EXTRACTED INFORMATION:
━━━━━━━━━━━━━━━━━━━━

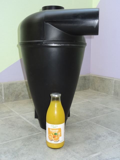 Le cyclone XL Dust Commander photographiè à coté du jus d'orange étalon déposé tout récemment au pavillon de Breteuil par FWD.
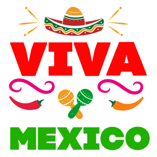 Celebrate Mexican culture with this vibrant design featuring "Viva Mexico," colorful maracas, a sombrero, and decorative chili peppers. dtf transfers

━━━━━━━━━━━━━━━━━━━━

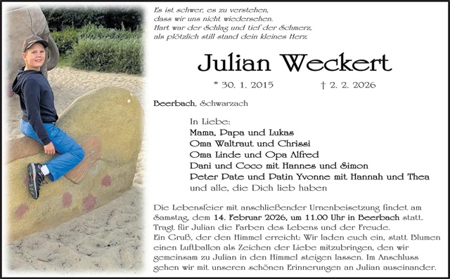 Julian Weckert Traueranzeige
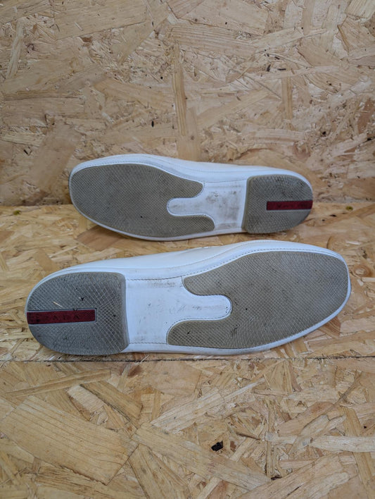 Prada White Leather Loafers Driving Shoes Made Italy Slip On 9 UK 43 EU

━━━━━━━━━━━━━━━━━━━━

WHAT THE EXERCISE ASKS: What you write out is the stretch of entries from the line containing "Le cyclone XL" to the line containing "Celebrate Mexican culture", word for word, with both end lines and no pictures.

SOLUTION TO THE PROBLEM:
 Le cyclone XL Dust Commander photographiè à coté du jus d'orange étalon déposé tout récemment au pavillon de Breteuil par FWD.
 Celebrate Mexican culture with this vibrant design featuring "Viva Mexico," colorful maracas, a sombrero, and decorative chili peppers. dtf transfers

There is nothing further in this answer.